IMMUNOLOGICAL CELLS MARKERS IN THE HUMAN NEUROCYSTICERCOSIS (ABSTRACT)^* * Marcadores imunológicos celulares na neurocisticercose humana (Resumo). Tese de Doutorado, Faculdade de Ciências Farmacêuticas da Universidade de São Paulo (Área: Análises Clínicas). Orientadora: Adelaide José Vaz. . THESIS. SÃO PAULO, 2001.

EDNÉIA CASAGRANDA BUENO^** * Marcadores imunológicos celulares na neurocisticercose humana (Resumo). Tese de Doutorado, Faculdade de Ciências Farmacêuticas da Universidade de São Paulo (Área: Análises Clínicas). Orientadora: Adelaide José Vaz.

The biological interaction of parasite-host involving in the neurocysticercosis (NC) is complex for the parasite antigens in different stages of evolution and the individual genetic variations interfering on the host response, will help to understand the dynamic of the parasite survival and the host defense mechanisms.

To contribute for the elucidation of the mechanism related to the parasite-host interaction in NC, immune response markers of 23 NC patients were studied in different stages of the disease: immunophenotyping (T cell, helper T cell, cytotoxic T cell, B cell, natural killer cells, HCAM and ICAM adhesion molecules and early activation marker CD69) of the cerebrospinal fluid (CSF) and peripheral blood; mononuclear cell proliferation in vitro after antigen-specific stimulation; and quantification of citokines (IL-1b, IL-4, IL-6, IL-10, IL-12, TNF-a) and adhesion molecules (ICAM and VCAM) produced in the lymphoproliferation assay.

The mean expression of the early activation marker CD69, in all kinds of cells identified in the samples of peripheral blood and in the CSF of NC patients was higher than the control group. The difference was always higher than 50% in CSF samples, indicating cell activity in the host as a response to the parasite.
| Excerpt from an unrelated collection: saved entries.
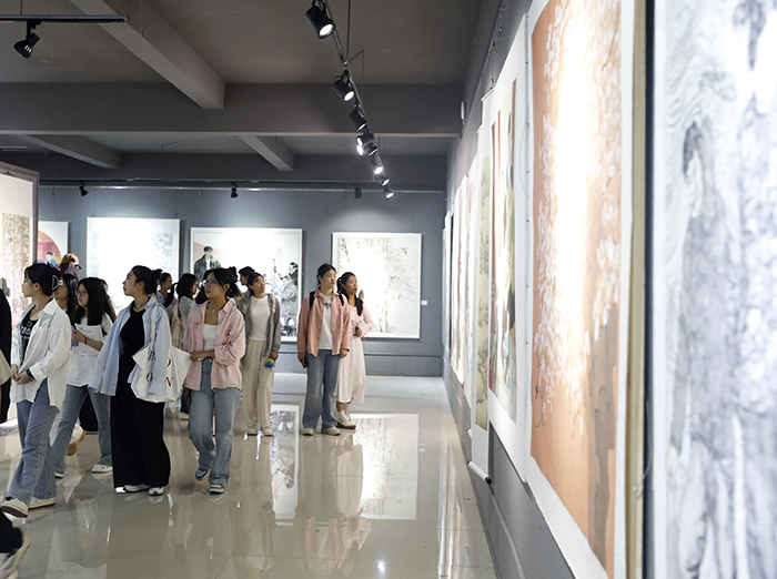 开幕式结束后,王志华、王强一行仔细参观了展览作品,对作品质量给予了高度肯定,对作品融入地方文化的成果表现、对作品的探索与创新给予了赞扬,并提出了中肯意见。
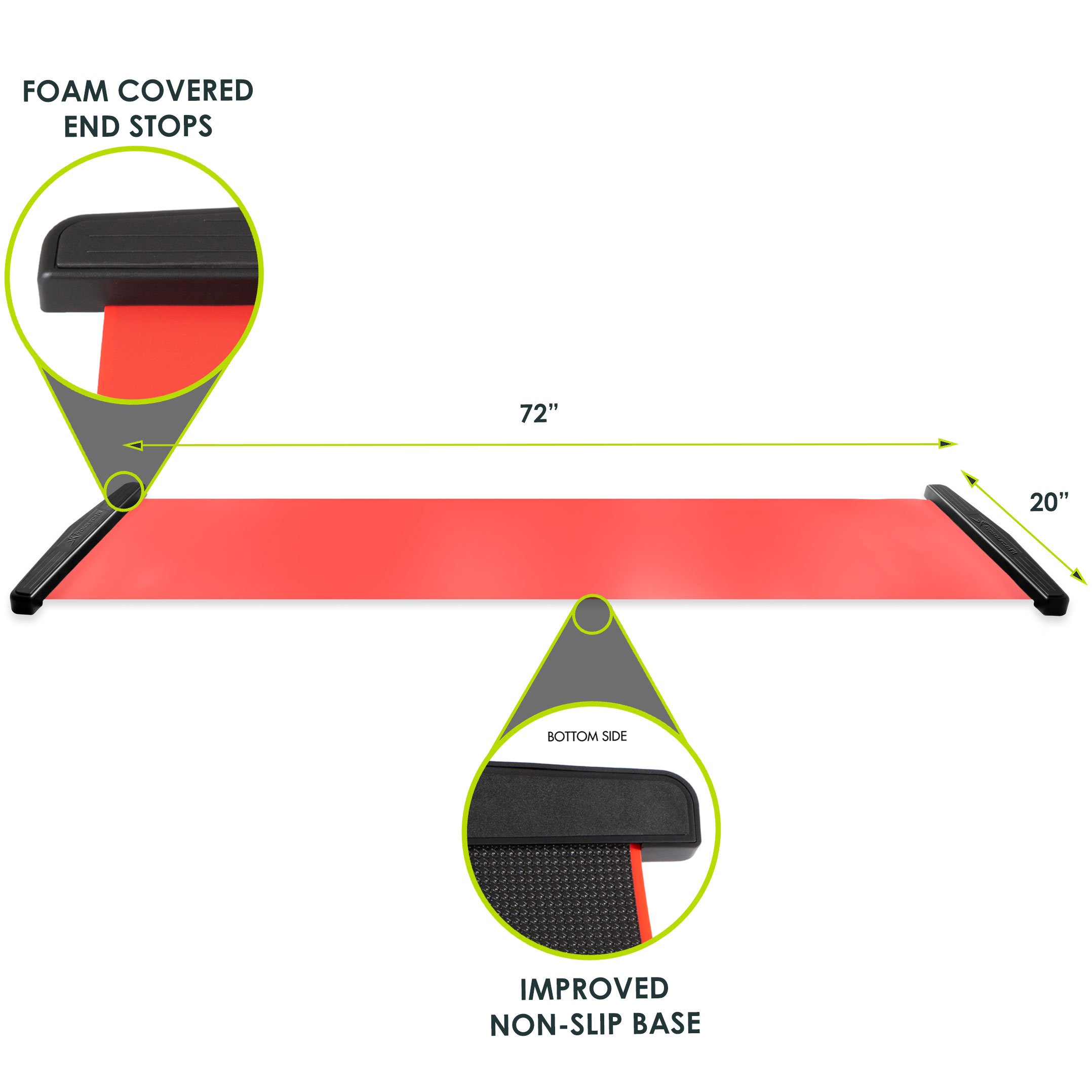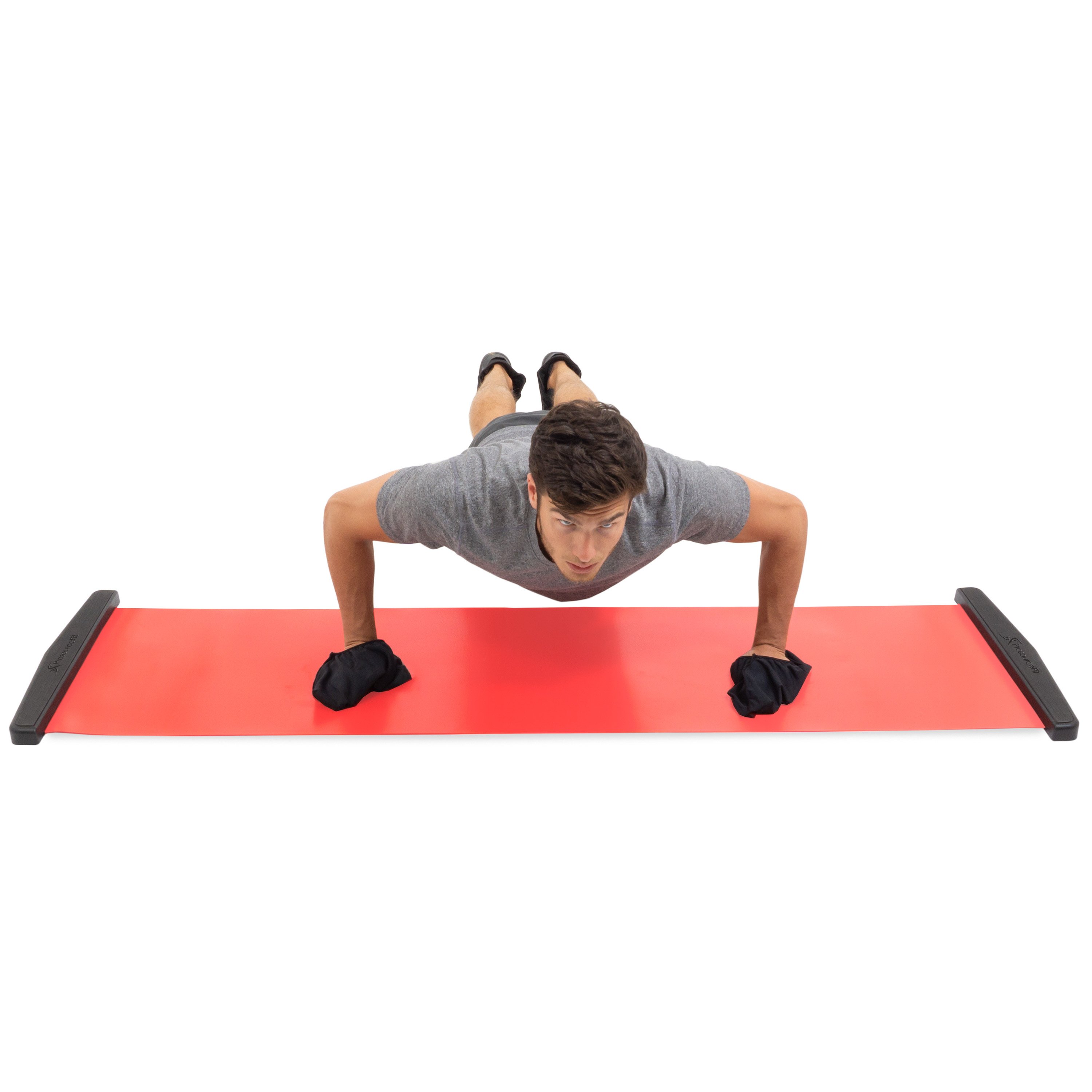 Slide into stellar shape with the ProsourceFit Slide Board for high intensity exercise! End stops help you to glide quickly and maintain momentum for a great cardio and lower body workout that’s also low impact! Whether you’re training for hockey, baseball, recovering after an injury, or just want a good cardio slide board workout you can do at home, this fitness mat can help you reach your goals. At 6-feet long, it’s great for a variety of users, ages and athletic purposes. This lightweight gliding mat comes with free booties and a mesh carrying bag for easy storage and portability. You can move both laterally as well as forward and backward to train your muscles in multiple planes of motion. But don’t stop at just sliding! The Lycra booties and slick surface are an excellent way to perform lunges, mountain climbers, sliding push-ups and more. Put the booties on your hands or feet to enhance your stability and strength as you glide through your usual exercises. By keeping your feet connected to the floor, rather than stepping or jumping between movements, you’ll challenge your muscles in new ways so you keep seeing results. The closed-chain exercises are great for physical therapy, opening up tight hips and reducing knee pain. Strengthens hip stabilizers, which can help reduce common overuse injuries like knee pain and prevent future injuries due to weak hips. The textured non-slip PVC bottom prevents sliding when the mat is on hard floors and can also be used on carpet. It’s perfect for homes, gyms, training studios and rehab facilities. It can be easily rolled up and stored in the carry bag so you can take your slide board training on the road, or just keep your space clean when it’s not in use. If you need to increase the slickness of the sliding surface, simply spray with silicon spray to keep it in top condition.
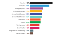 The main sourcing channels used by the Education sector to attract candidates is Website/Careers Sites (the most-used channel 100%), followed by Professional Social Networks, such as LinkedIn (86%).

Although there is no statistical difference (p = 0.068 the lower value), the CSF samples have shown higher percentages of T cells (70.9%), helper T cells (54.4%), B cells (15.8%) and natural killer cells (10.2%) when compared to the samples of peripheral blood (respectively 68.9%; 49.5%; 4.4% and 5.1%), suggesting local action of the defense system involved in the NC.

Patients with active NC have shown, in general, increasing of the cytotoxic T cells in peripheral blood samples (44.5%) and CSF (33.2%) when compared to the control group (respectively 36.0% and 26.9%), indicating the involvement of cytotoxic and suppressor mechanism in immunopathogenic process of the NC.

The mononuclear cells of NC patients have shown antigen-specific suppression in vitro (stimulation index, SI < 2.5) when compared to those of the control group. This suppression was more intense in samples of patients having no alterations in the image examination (SI £ 2.2) and having cysts in degeneration process (SI £ 2.3), and less intense in samples of patients with different evolution forms (SI £ 2.7) and of patients having calcified cysts (SI £ 6.5).

The suppression observed in NC seems to be induced by the parasite antigen components as it was observed in excretion and secretion antigens part of the vesicular fluid of T. crassiceps (VF-Tcra), that inhibited the cellular immune response induced by the mitogens phytohemagglutinin (98%), concanavalin A (99%) and pokeweed (98%). This suppression seems also to be related to the predominance of Th2 response (IL-4, IL-6, IL-10), as it can be observed in the citokines quantification in the supernadant of the lymphoproliferation assay stimulated by VF-Tcra antigen.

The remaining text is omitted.